For this to work, you must also have Node.js and a C compiled installed (since the grammar definitions are written in a JavaScript-based DSL, and the generated parsers are implemented in C).
Given all of this, you need to clone the Python grammar into one of the directories listed in the config file. (If you decide to change your config file to use a different directory, make sure to change the commands below accordingly.)

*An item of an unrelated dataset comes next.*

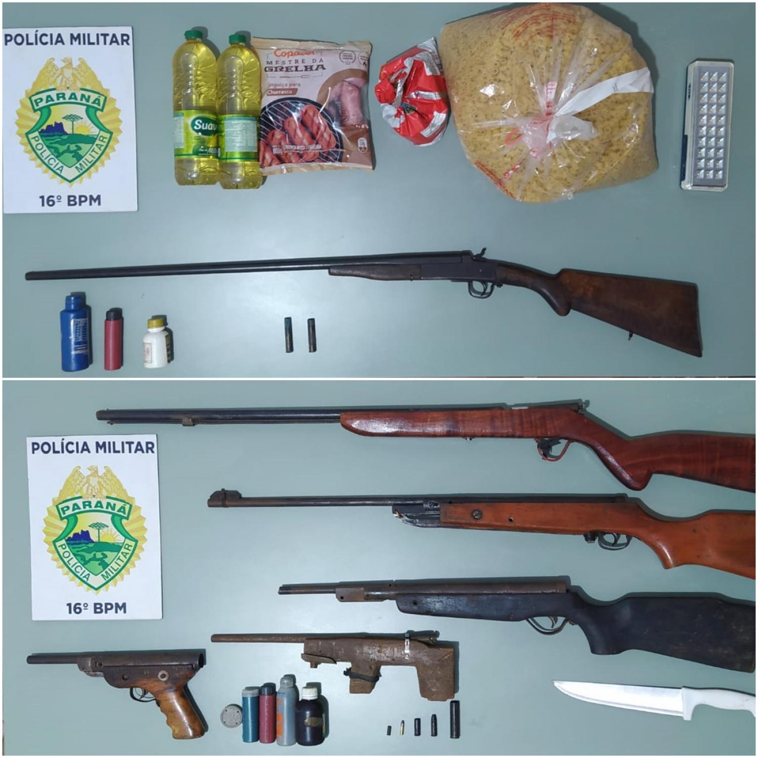 À polícia, o suspeito disse que o restante dos alimentos estava na casa de um homem de 38 anos, que teria auxiliado no furto fazendo o transporte com um veículo Gol. O segundo envolvido não foi localizado em sua residência, porém, a família autorizou buscas, sendo encontradas embaixo de uma cama cinco armas de fogo (garruchas e espingardas) e material para recarga de cartuchos. Os envolvidos foram encaminhados à 14ª SDP de Guarapuava para os procedimentos.

$ mkdir -p ~/src $ cd ~/src $ git clone https://github.com/tree-sitter/tree-sitter-python
Having done that, the ‘tree-sitter parse’ command should now print out a parse tree for our example file:
$ tree-sitter parse example.py (module [0, 0] - [6, 0] (import_statement [0, 0] - [0, 12] name: (dotted_name [0, 7] - [0, 12] (identifier [0, 7] - [0, 12]))) (function_definition [2, 0] - [3, 16] name: (identifier [2, 4] - [2, 12]) parameters: (parameters [2, 12] - [2, 15] (identifier [2, 13] - [2, 14])) body: (block [3, 4] - [3, 16] (return_statement [3, 4] - [3, 16] (binary_operator [3, 11] - [3, 16] left: (identifier [3, 11] - [3, 12]) right: (integer [3, 15] - [3, 16]))))) (expression_statement [5, 0] - [5, 18] (call [5, 0] - [5, 18] function: (identifier [5, 0] - [5, 5]) arguments: (argument_list [5, 5] - [5, 18] (call [5, 6] - [5, 17] function: (identifier [5, 6] - [5, 14]) arguments: (argument_list [5, 14] - [5, 17] (integer [5, 15] - [5, 16])))))))
You can play around further by parsing example files from other languages — first clone the necessary language grammar into the same ‘$HOME/src’ directory, and then use ‘tree-sitter parse’.